Tooth decay is the destruction of tooth structure and can affect both the enamel (the outer white coating of the tooth) and the dentin layer of the tooth.
Tooth decay occurs when foods containing carbohydrates (sugars and starches), such as breads, cereals, milk, soda, fruits, cakes, or candy are left on the teeth. Bacteria that live in the mouth digest these foods, turning them into acids. The bacteria, acid, food debris, and saliva combine to form plaque, which clings to the teeth. The acids in plaque dissolve the enamel surface of the teeth, creating holes in the teeth called cavities.
1. What is tooth decay?
Tooth decay is the process that results in a cavity (dental caries). It occurs when bacteria in your mouth make acids that eat away at a tooth. If not treated, tooth decay can cause pain, infection and tooth loss.
You can easily prevent tooth decay by brushing and flossing your tooth regularly, seeing your dentist for teeth cleaning and checkups, and avoiding foods high in sugar.

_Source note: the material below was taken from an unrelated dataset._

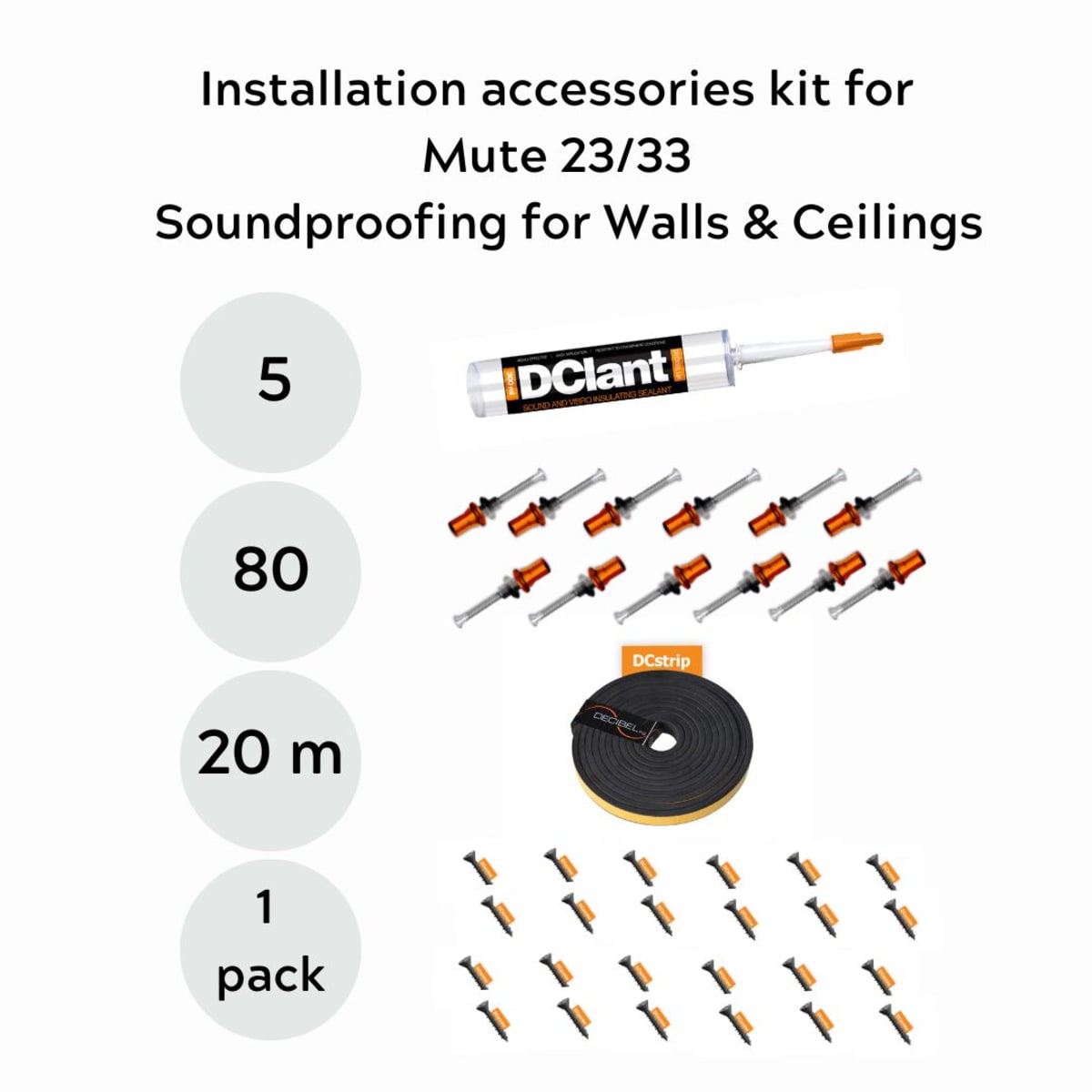 Mute 23/33 installation kit - Enough for 12 square meters (10 Mute boards). Kit includes all the essential components to install Decibel's Mute23 / Mute33 / CMute23 / CMute33 Soundproofing boards. Kit includes: 80 off Dclox long anti-vibration mounts and Fischer screws/wall plugs, 5 tubes of Dclant acoustic mastic, 1 x 20m strip of DCStrip anti-flanking strip, 1 pack of DC Screw 19

2. What causes tooth decay?
The combination of bacteria and food causes tooth decay. A clear, sticky substance called plaque that contains bacteria is always forming on your teeth and gums. As the bacteria feed on the sugars in the food you eat, they make acids. The acids attack the teeth and over a period of time, these acids destroy tooth enamel, resulting in tooth decay.
3. What are the symptoms?
Tooth decay usually does not cause symptoms until you have a cavity or an infected tooth. When this occurs, a toothache is the most common symptoms. The pain can be sharp, sudden, and shoot deep into the nerve endings of the teeth.
Tooth sensitivity in one or more teeth triggered by hot, cold, sweet, or sour foods and drinks, or even by breathing cold air can also be a symptom.

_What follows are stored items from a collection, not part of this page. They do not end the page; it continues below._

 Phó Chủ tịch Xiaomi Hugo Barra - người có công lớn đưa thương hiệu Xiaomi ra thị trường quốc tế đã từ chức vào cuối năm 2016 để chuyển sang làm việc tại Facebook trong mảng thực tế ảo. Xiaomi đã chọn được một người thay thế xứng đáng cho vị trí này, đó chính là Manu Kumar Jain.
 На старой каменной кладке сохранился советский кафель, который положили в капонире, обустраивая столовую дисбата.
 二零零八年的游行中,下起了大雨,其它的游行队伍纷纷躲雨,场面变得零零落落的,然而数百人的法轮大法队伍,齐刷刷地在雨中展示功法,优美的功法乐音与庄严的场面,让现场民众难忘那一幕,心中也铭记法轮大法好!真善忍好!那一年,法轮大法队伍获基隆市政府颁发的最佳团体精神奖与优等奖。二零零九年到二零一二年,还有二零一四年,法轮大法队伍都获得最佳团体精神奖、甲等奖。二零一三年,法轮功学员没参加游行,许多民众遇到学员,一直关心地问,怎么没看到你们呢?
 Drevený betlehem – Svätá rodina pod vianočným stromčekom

4. What to do if you suspect tooth decay
You should suspect tooth decay if you or a family member feels severe pain in the tooth/teeth especially on drinking cold or hot drinks. See a dentist immediately.
5. Possible complications of tooth decay.

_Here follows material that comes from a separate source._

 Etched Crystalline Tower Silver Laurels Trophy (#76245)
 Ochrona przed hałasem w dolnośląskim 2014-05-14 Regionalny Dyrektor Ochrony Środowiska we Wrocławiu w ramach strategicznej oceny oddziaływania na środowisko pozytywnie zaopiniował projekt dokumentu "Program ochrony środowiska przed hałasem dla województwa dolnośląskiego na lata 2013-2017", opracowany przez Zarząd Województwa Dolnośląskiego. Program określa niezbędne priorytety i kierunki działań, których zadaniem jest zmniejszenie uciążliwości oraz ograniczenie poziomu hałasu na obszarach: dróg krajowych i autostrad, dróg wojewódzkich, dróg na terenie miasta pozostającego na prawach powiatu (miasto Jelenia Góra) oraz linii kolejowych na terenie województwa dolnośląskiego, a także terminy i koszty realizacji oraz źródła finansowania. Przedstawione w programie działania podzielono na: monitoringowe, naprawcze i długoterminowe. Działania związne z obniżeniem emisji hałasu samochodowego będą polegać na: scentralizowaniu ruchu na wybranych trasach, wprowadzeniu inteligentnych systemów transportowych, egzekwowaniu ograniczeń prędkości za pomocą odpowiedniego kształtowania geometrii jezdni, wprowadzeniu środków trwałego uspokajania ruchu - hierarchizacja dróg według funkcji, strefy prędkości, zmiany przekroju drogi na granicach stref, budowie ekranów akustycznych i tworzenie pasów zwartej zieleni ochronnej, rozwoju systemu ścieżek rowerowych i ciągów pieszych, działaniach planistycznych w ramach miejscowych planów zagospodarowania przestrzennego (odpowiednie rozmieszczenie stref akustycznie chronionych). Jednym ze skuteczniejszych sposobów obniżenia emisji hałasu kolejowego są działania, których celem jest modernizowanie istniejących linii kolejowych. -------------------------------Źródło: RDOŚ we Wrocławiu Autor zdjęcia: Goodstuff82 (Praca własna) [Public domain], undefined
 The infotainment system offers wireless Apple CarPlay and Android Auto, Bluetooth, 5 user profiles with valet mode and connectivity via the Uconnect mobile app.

Tooth decay can cause infections of the heart and blood vessels; it can also cause tooth loss.
As said earlier, bacteria normally present in the mouth break down sugars to form acids which eat up the “white” of the teeth and gums causing cavities. The bacteria also work on the sugar in the mouth to form thick substances (plaques) that stick to the teeth. These plaques in turn aid the activities of the bacteria to create more cavities. Some of these bacteria can find their way into the blood stream and cause infections in the heart and the blood vessels.
6. Prevention of tooth decay
Tooth decay can be prevented by:
a. Brushing with fluoride toothpaste twice daily.
b. Flossing once in the night before retiring for the day.
c. Eating Foods like Carrots, Apples.
d. Seeing a Dentist regularly for oral examination and dental cleaning.
e. Avoiding excessive consumption of carbohydrates especially sugars
f. In addition, researchers have found that a chewing gum that contains the sweetener called xylitol temporarily retards the growth of bacteria that cause tooth decay.